It Takes Two to Tango – Transformation & Innovation
Monday, April 9, 2012 There are two really big things that all enterprises have to do to succeed today – continuously Innovate and Transform. Like good dance partners, transformation and innovation need each other, in fact they each make the other possible.
A company cannot truly transform without innovating a new business model and the transformation of a company, done well, sets off a surge of innovations throughout the enterprise.
When Howard Schultz returned as CEO of Starbucks he knew he had to transform the entire business model and culture (the way we do things around here) to pull it out of a vicious downward cycle. He fundamentally changed the business from a ubiquitous coffee chain focused on the velocity of sales to a global lifestyle company that reignited the passion for quality and the commitment to human connection. To do that he had to help the company open up innovations in sourcing, social media, technology, customer service and product development (to name a few). As the company moved to transform its business model and culture, a surge of innovations began to spring up, for example:
- MyStarbucksIdea.com – a social media platform/online community that empowers customers to create, vote and discuss ideas for improving the Starbucks experience. Nearly 75,000 ideas were submitted in less than six months after its launch.
- VIA Instant Coffee – a product innovation that ‘reinvented a commodity’ and expanded the company’s reputation for being the coffee authority in a new, untapped market
Starbucks is now in a virtuous cycle of continuous transformation and innovation. If you look at companies that are winning in their field you will see this same virtuous cycle. We could bring up the particulars of Apple as another great example but you already know the Apple story.

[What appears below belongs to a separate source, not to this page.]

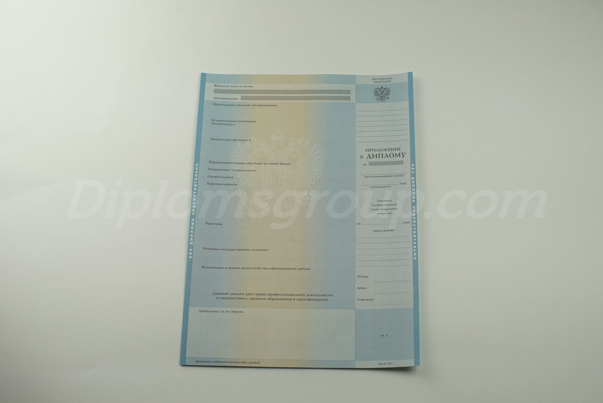 Со времен СССР и после его распада документ сильно изменился. Появились голограммы, оттиски, водяные знаки, печати и прочая защитная символика. Стали использовать специальную бумагу и бланки ГОЗНАКа. Стандартный диплом с 1997 по 2003 -й годы выглядел следующим образом:

Now it is important to note that the Transformation & Innovation dance is best set to music of Depth & Duration.
Depth:
There are three levels of depth for both transformation and innovation.
There is “Surface Presentation” – looking better, branding differently, telling a better story. Going deeper, there is “Basic Performance” – improving the way you are organized and executing or improving the basic performance of what you offer, i.e., a fundamentally better technology. Finally there is “Deep Transformation” – making a ‘whole system’ change “of” the enterprise (not just a program change “in” the organization), and a game changing total redesign of the customer experience (think of the integrated iPod, iPhone, iPad system that turned multiple industries on their heads).
The Depth Challenge – Don’t settle for “surface change” or even “performance improvement,” go for “deep transformation” in both changing the enterprise and creating innovations you bring to the market. This means you have to go for it. As they say, you can’t cross a chasm in two leaps.
Duration:
You can make a lot of positive changes quickly but true transformation and innovation requires staying with it for the long haul. With transformation, there is an initial break-thru period that sets the new direction in motion. But to truly manifest the full power of the transformation there must be a commitment to continuous transformations. And if there is not a rippling effect throughout all aspects of the enterprise for long periods of time, it is unlikely the break-thru transformation will take hold. The gravitational pull of the status quo has defeated many enterprise break-thru plans that failed to make a complete change “of” the enterprise.
This same long-term view thinking holds true for innovation. One trick pony innovations may make a brief splash but the real innovation, that changes the game in your favor, depends on building a long-term series of disruptive innovations, innovations that redefine the marketplace (again… iPod, iPhone, iPad). There is an axiom in Silicon Valley that says: “the faster you have to go to market with new innovations, the further out you have to think”.
“Leaders of the future will be ones who know the dance of Transformation & Innovation and can teach it to all of their people.”